I strongly suspect most closed source code developed under commercial or internal pressure is pretty awful after a few years of development.
All LLM code has to do is suck less than existing code. And that's presuming the code quality doesn't improve as the models, the harnesses and our ways of working with them improve.
LLMs doesn't have this benefit. You forget to add the correct to the system prompt, and the LLM will repeat the same mistake over and over, and worse than that, their mistakes aren't based on their understanding, it's basically random guesses.
Humans, even bad coders, still seem to have some sort of architecture in mind, even if it's spaghetti, whereas LLMs (obviously) don't think more than a few steps, and never about the full scope of what they're contributing too, and on purpose too, because you want the context to be as small as possible when you work with LLMs.

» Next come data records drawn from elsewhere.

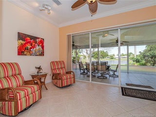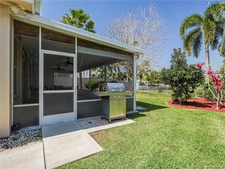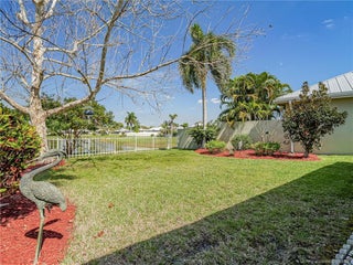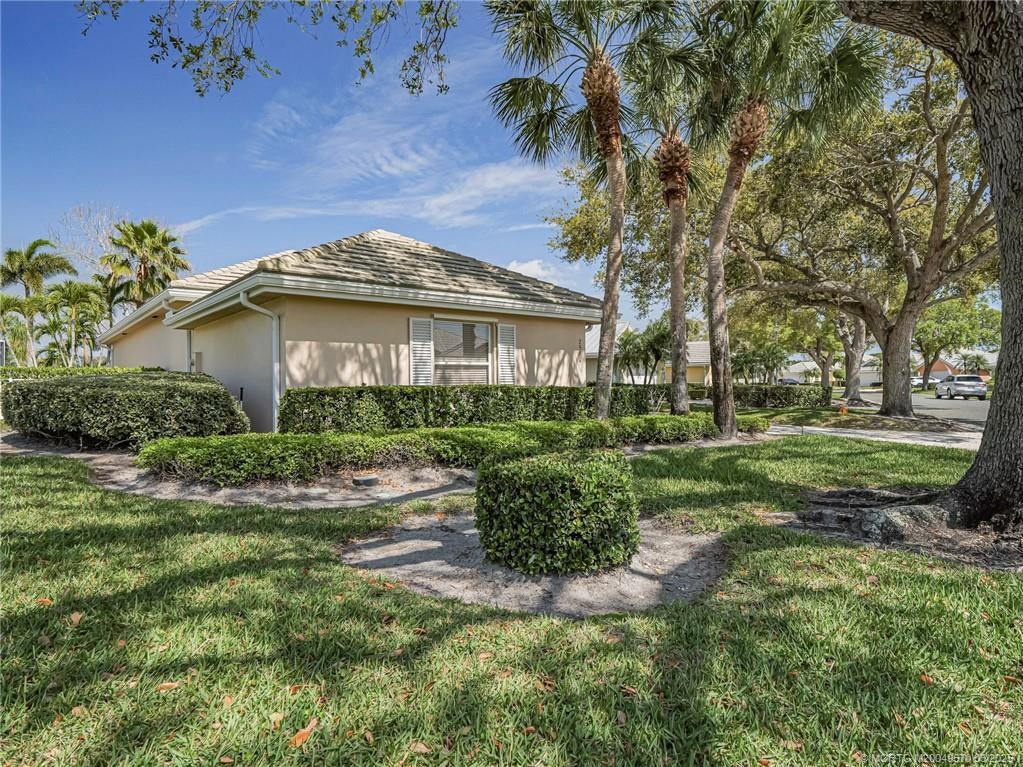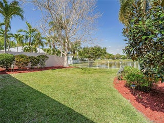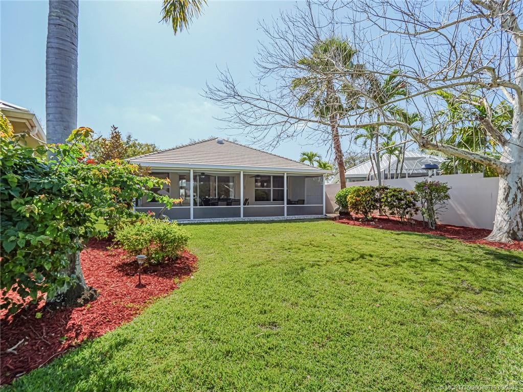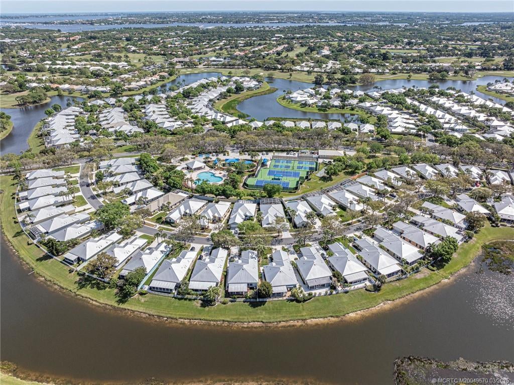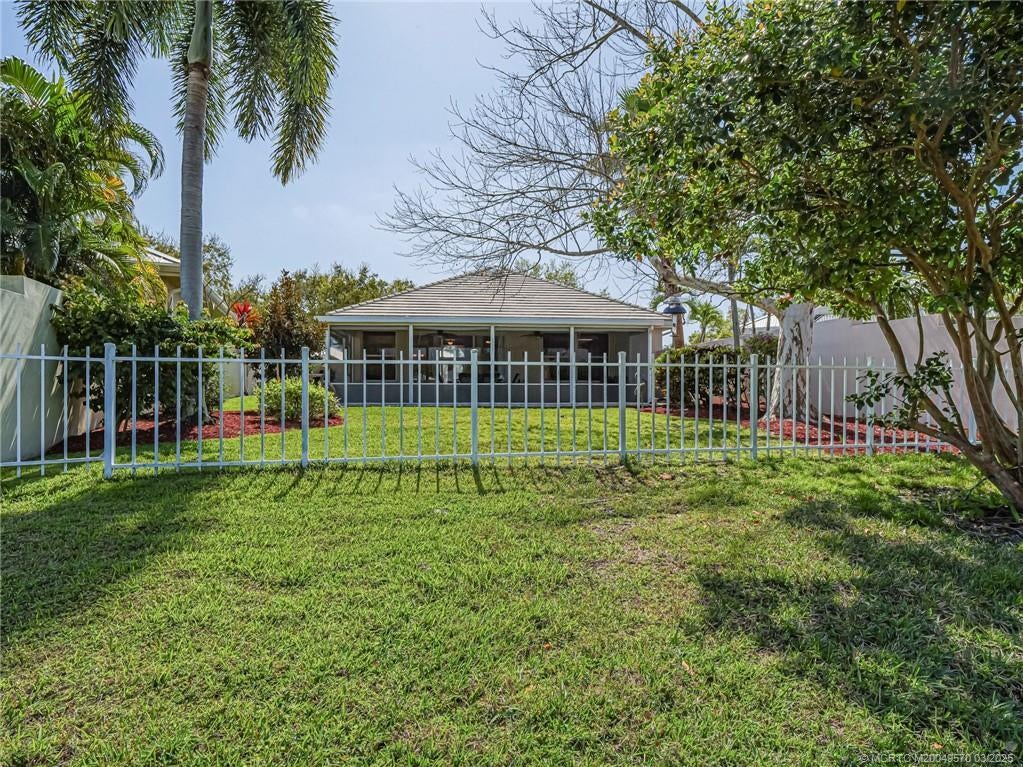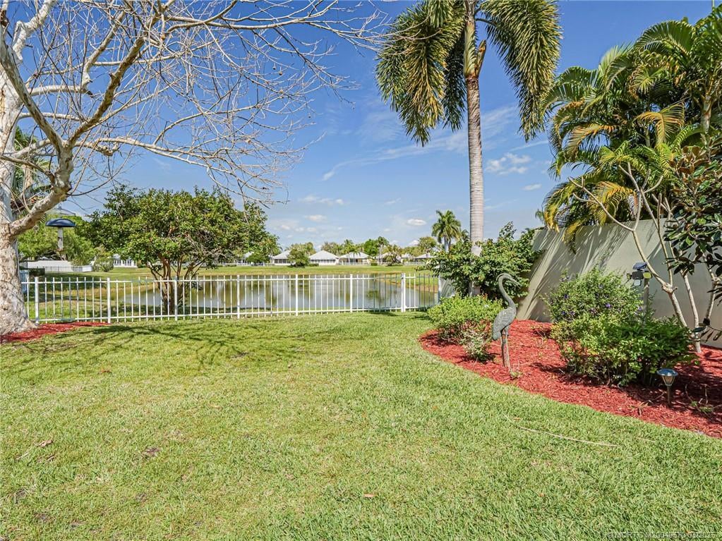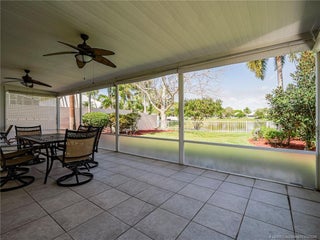 PRICE IMPROVEMENT! This turnkey Divosta 3BR/2BA CBS home sold fully furnished in the sought after gated community of The Meadows shows like a model. The custom glass double doors open to a spacious and bright living area & a waterfront view from your expansive screened lanai. The tastefully remodeled kitchen boasts artisan crafted cherry cabinets, granite countertops & new stainless appliances. Both baths have also been renovated with gorgeous tile & fixtures. The huge en suite shower is spa like. Additional features include crown molding, Ceramic tile flooring throughout, full size laundry w sink, new washer & dryer & central vac. Flat tile roof 2015. There is also room for a pool in the private fenced backyard. The family friendly Meadows offers a community pool, tennis/pickleball, rec area & much more! Take a drive down the beautiful oak lined streets of the Meadows to see your new home! In the heart of Palm City, close to shopping, great restaurants, 95 & Turnpike access.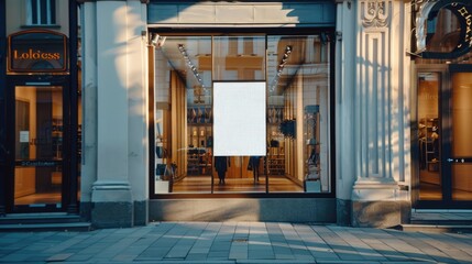 Boutique Storefront with Digital Display. An elegant boutique shop window at dusk, featuring a digital display screen for dynamic advertising amidst luxurious fashion items. Street mockup, advertising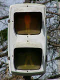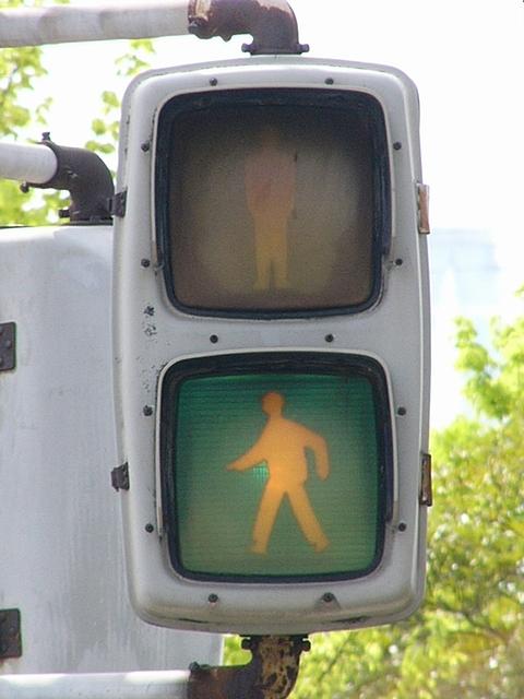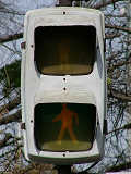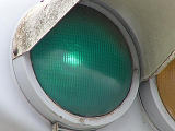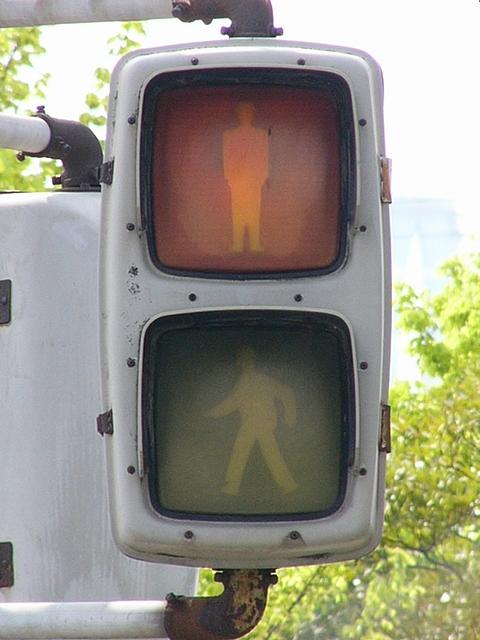 松下通信工業(当時)製の初期の樹脂製歩行者用灯器です。レンズの周りに14箇所のネジ止めがあります。上の灯器よりも新しい世代です。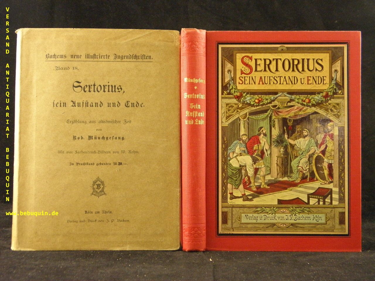 MÜNCHGESANG, Robert: Sertorius, sein Aufstand und Ende. Eine Erzählung aus altrömischer Zeit. Köln (Bachem), (1901). 4 Bl., 176 S. mit 4 Farbendruckbildern von Wilhelm Rohm. OLn mit mont. Farbbild und OUmschl. wie neu. = Bachems neue illustrierte Jugendschriften, Bd. 18. EA. Klotz 4911/30.
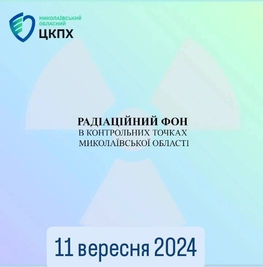 Станом на 11 вересня 2024 в контрольних точках областi радiацiйний фон залишається на рiвнi багаторiчних природних показників, є безпечним для населення і складає :
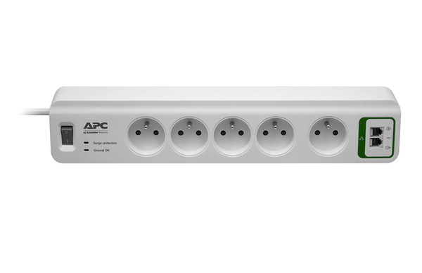 APC Essential SurgeArrest 5 outlets with Phone Protection 230V France, Czech, Slovak, Poland, Hungary Síťový filtr s pěti zásuvkami, délka přívodní šňůry 1,83 metru Přepěťová ochrana a filtrace Energie rázu 918J Potlačení šumu podle EMI/RFI (100 k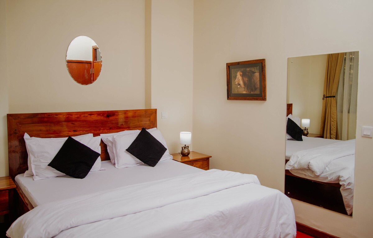 Apartemen dua kamar tidur yang nyaman dengan suasana budaya di Pusat Kota Arusha (dekat Arusha Technical College), menawarkan pemandangan menakjubkan Gunung Meru dan akses mudah ke pasar yang semarak dan sirkuit safari Tanzania. Perkiraan waktu ke lokasi utama: - 8 menit berkendara ke Town/Clock Tower - 20 menit berkendara ke bandara Arusha - 10 menit berkendara ke AICC (Arusha International Conference Center) - 30 menit berkendara ke Danau Duluti -10 menit berkendara ke Arusha Cultural Heritage - 5 menit berkendara ke Terminal Bus Arusha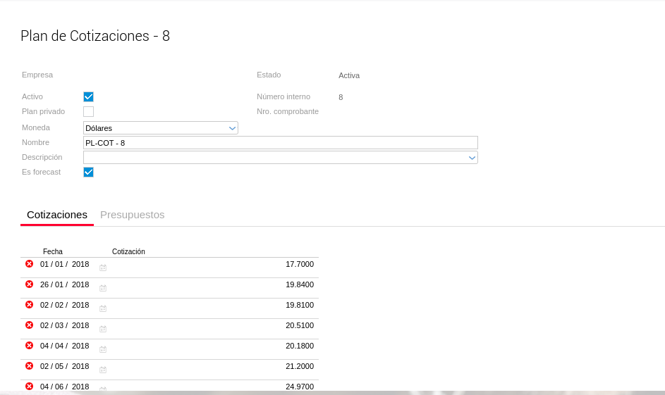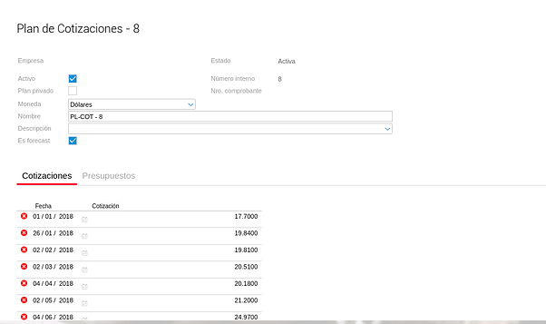 Al crear un Plan de Ingresos, siempre se deberá también cargar un Plan de Cotización para la moneda secundaria, ya que de este modo, se generarán los asientos correspondientes, y así dicho plan de Ingresos podrá ser visualizado en el Cashflow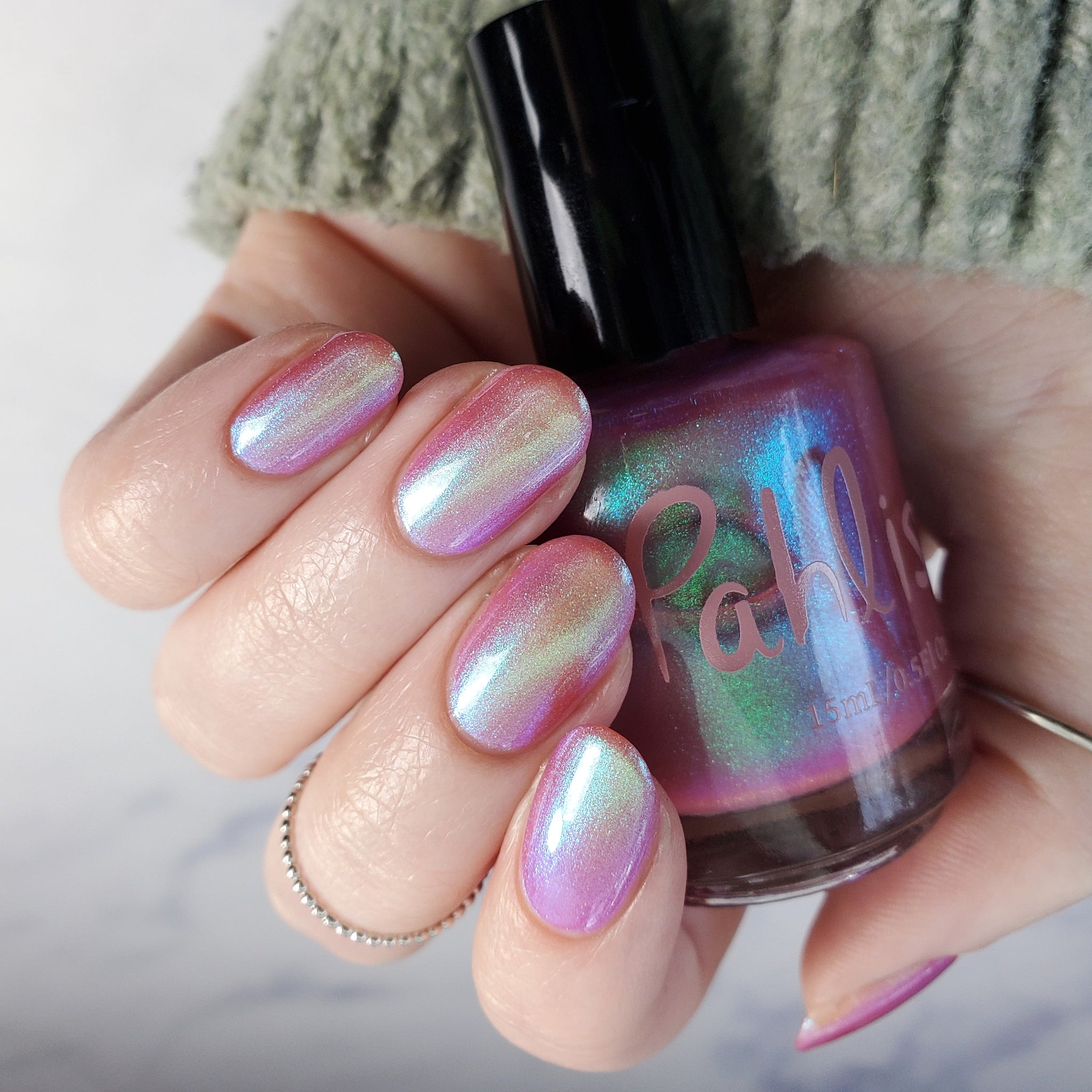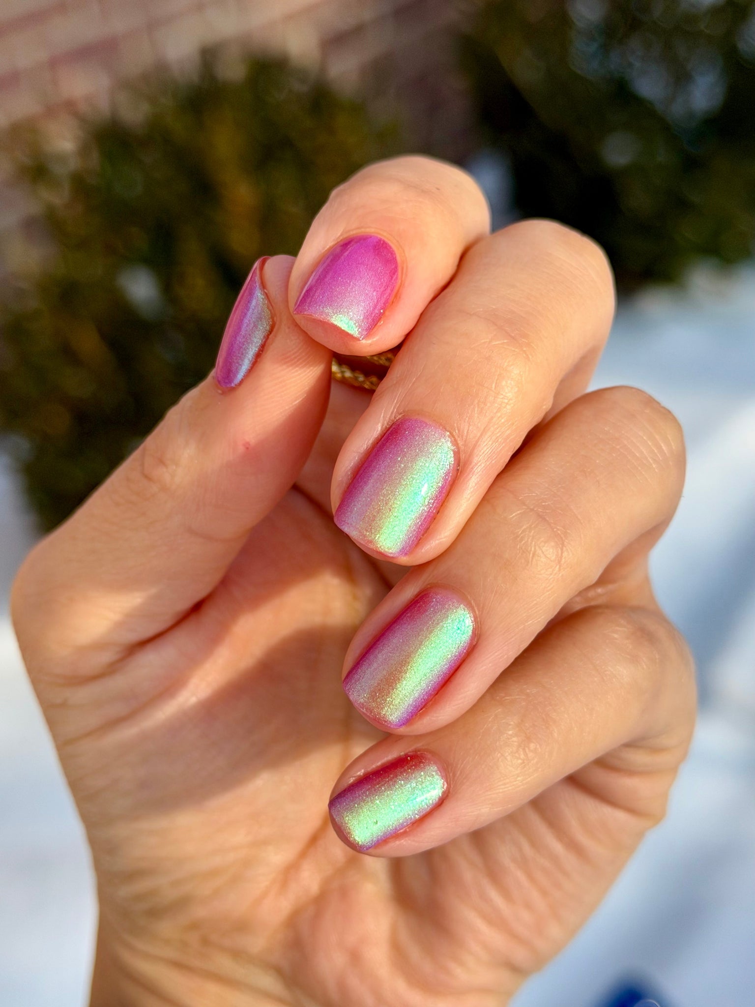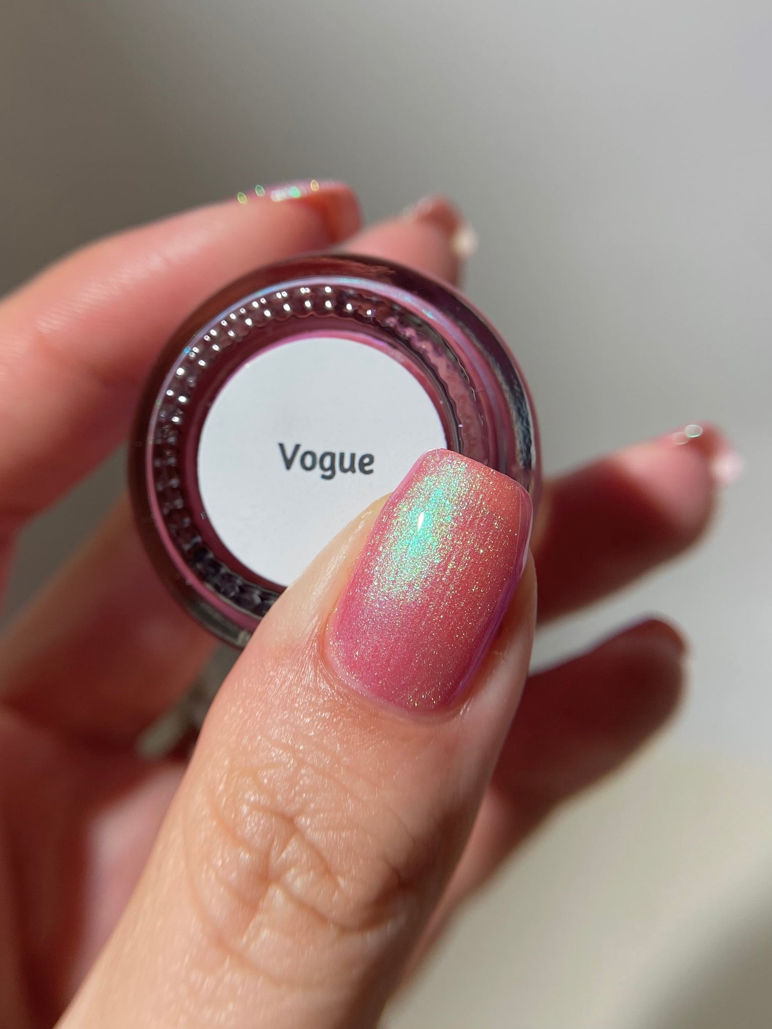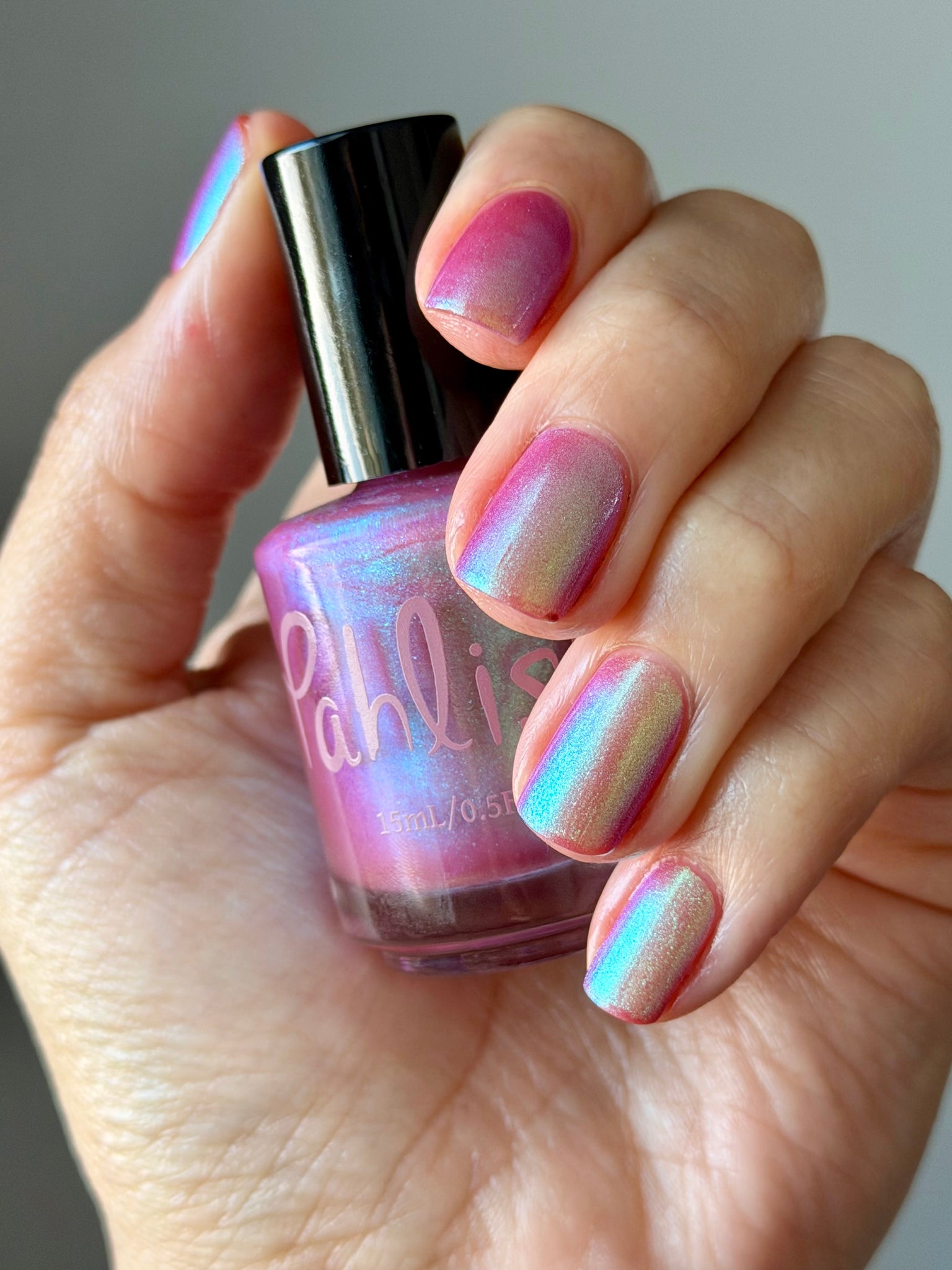 warm rosy pink packed with iridescent aqua/teal/blue shifting shimmer

With LLMs you need to thread carefully between "What does the LLM need to know?" and "Can I skip passing this to the LLM this time?" while a human you can more or less dump them everything you sit on, and let them shift it through, and they'll mostly make it out OK.
Whilst I don't claim any true "understanding" as that is a very loaded term that doesn't mean it's just random guesses.
Anyone using recent LLM coding agents on a regular basis would probably agree that there's something going on that fits some non-athropomorphizing, non-sentience-assigning definition of "understanding"
As for the point about improvement - I think that's an orthogonal issue to the overall code quality. With regard to human codebases - there's plenty of scenarios that negate the improvement of individuals. We're comparing organizations with LLMs - not individuals with LLMs and that makes a significant difference.
Not random across their whole training set. Random across related concepts bundled together in the training set. Which is not that dissimilar to human mistakes.
A human's mistakes are also based on going from one option in their training and not another, where the two are close together but one is not appropriate and doesn't fully cover the expected result.
That's obvious in a typo (you get close to the target word but miss it just so), but also in off by one errors (you're still in the proximity of the correct loop you should have written), all the way to picking the wrong architecture or patter n (you still chose among patterns for the worse fit you've picked, you don't suddenly start using cooking recipes).
i dont see why software engineers are paid so well, and are so hard to hire?
just dump a bunch of requirements on a homeless person and itll just work out
But anyway, let the LLM verify the code to give advice on improvements but don't let it write code unverified. That's my opinion on it anyway.